Since most conductive polymers are p-type, developing high-performance n-type organic–inorganic composite thermoelectric (TE) fibers is a great challenge. Herein, poly(3,4-ethylenedioxythiophene):poly(styrenesulfonate) (PEDOT:PSS)-coated Ag2Te nanowires (PC-Ag2Te NWs) were prepared by a liquid-phase reaction using PEDOT:PSS-coated Te nanowires (PC-Te NWs) as templates, and the PEDOT:PSS/PC-Ag2Te NWs composite fibers were then prepared by wet spinning. As the content of PC-Ag2Te NWs increases, the composite fiber changes from p-type to n-type. The PEDOT: PSS coating greatly improves the dispersibility of Ag2Te NWs in the PEDOT: PSS matrix, resulting in an ultrahigh content of 87.5 wt % of PC-Ag2Te NWs in the composite fibers, which exhibited a Seebeck coefficient of −61.3 μV K–1 and a power factor of 65.3 μW m–1 K–2. The power factor value is higher than those of previously reported n-type composite TE fibers. Contrary to the estimated thermal conductivity in other reports, in this work, the thermal conductivity of the composite fibers was measured via a transient photoelectrothermal (TPET) technique.
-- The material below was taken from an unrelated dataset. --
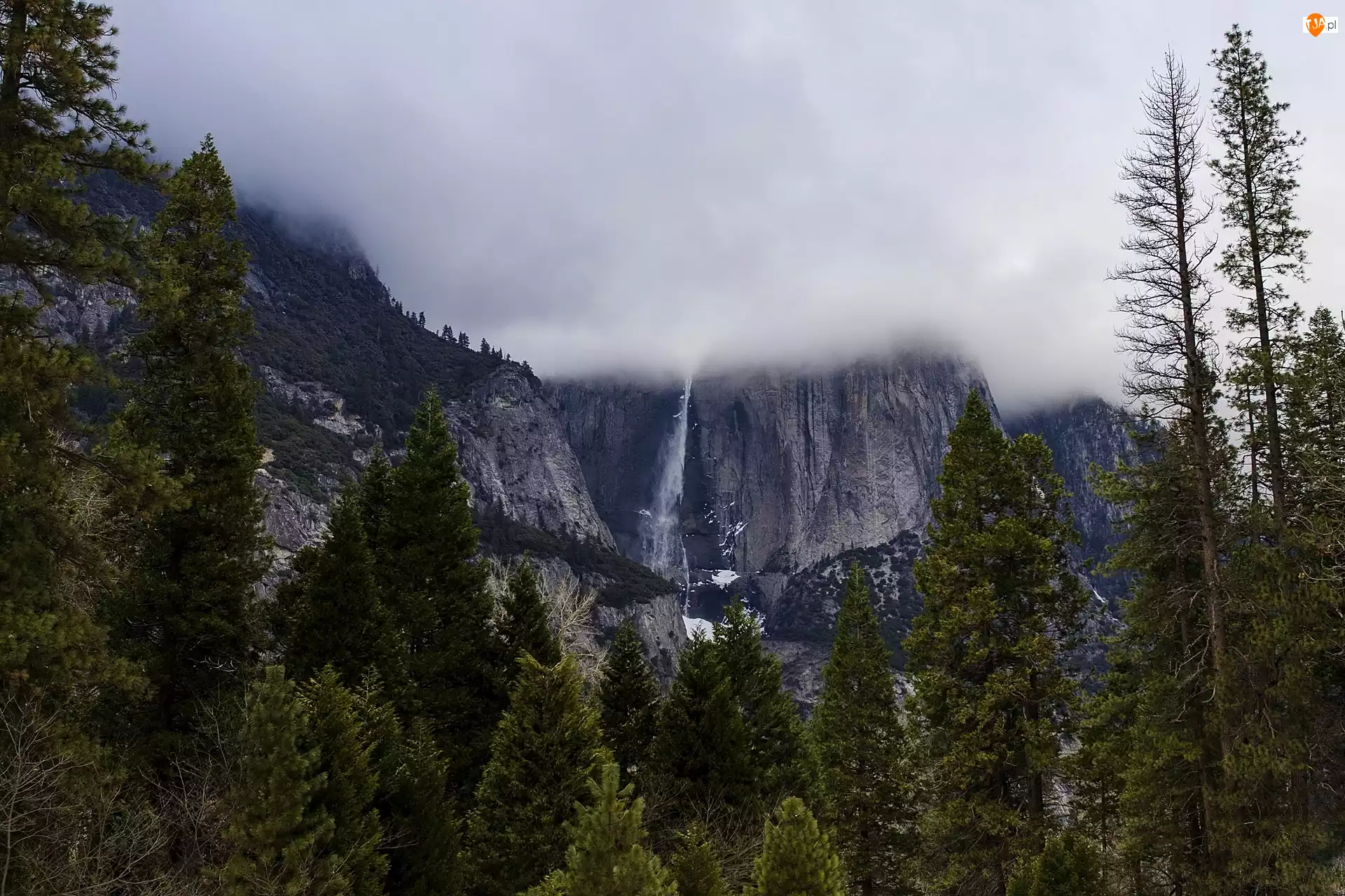 Niebo, Góry, Las, Wodospad, Zachmurzone

In addition, the composite fiber has good tensile properties and mechanical strength, elongating at a break of 47.37% and a tensile stress of 6.59 MPa. For an application demonstration, a self-powered temperature sensor was assembled, which can utilize the vertical temperature difference between the human body and the environment and respond quickly to a small temperature difference.